Cllr Philip Jackson, leader of the Council, said: “Diversification of uses away from pure retail will be the key driver of Freshney Place’s commercial performance and social value to the local community.

“Securing Parkway Cinema for the new Leisure Scheme is a huge milestone for the town centre and bringing forward the CDC will drive a different type of visitor, who will more than likely use the centre for not only appointments, but also ancillary shopping while they are on the site.

“We’re also working hard on other areas of the town centre, such as the Doughty Depot, which will bring additional staff to work in the town centre from other sites, and increase general footfall and spend.”

In the last year, there have been significant reductions in consumption of electricity, gas and water use, and along with a raft of environmental and sustainability initiatives, this has reduced the overall cost and environmental impact of the shopping centre.

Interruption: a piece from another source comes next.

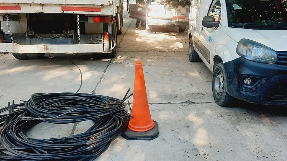 Los sospechosos fueron sorprendidos mientras cargaban 150 metros de tendido eléctrico en un camión y una camioneta. La Policía secuestró vehículos y herramientas y evitó una pérdida estimada en $12 millones.
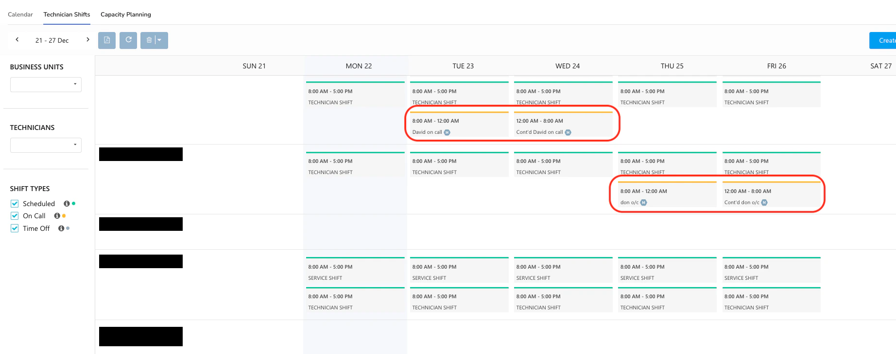 Ensure that moving forward, you always maintain an accurate calendar of your on-call technician shifts within ServiceTitan. You can do this by going into your ServiceTitan, clicking Schedule at the top of the screen, and going to Technician Shifts. You should see yellow shifts during emergency hours for all the technicians who will be on-call that week.

Additionally, a range of social initiatives are now supported in the shopping centre, including training to be able to support those with disabilities, Alzheimers and autism, and externally supporting heritage, culture and those in need.

Cllr Jackson continued: “We wanted to take on the shopping centre to help stabilise the centre of Grimsby – to be able to use it for positive transformation, for the good of local people. In the next year, we’ll be continuing that work, driving moves towards increasing footfall and spend, alongside work to deliver the leisure and market scheme and attracting new tenants to the heart of the town.”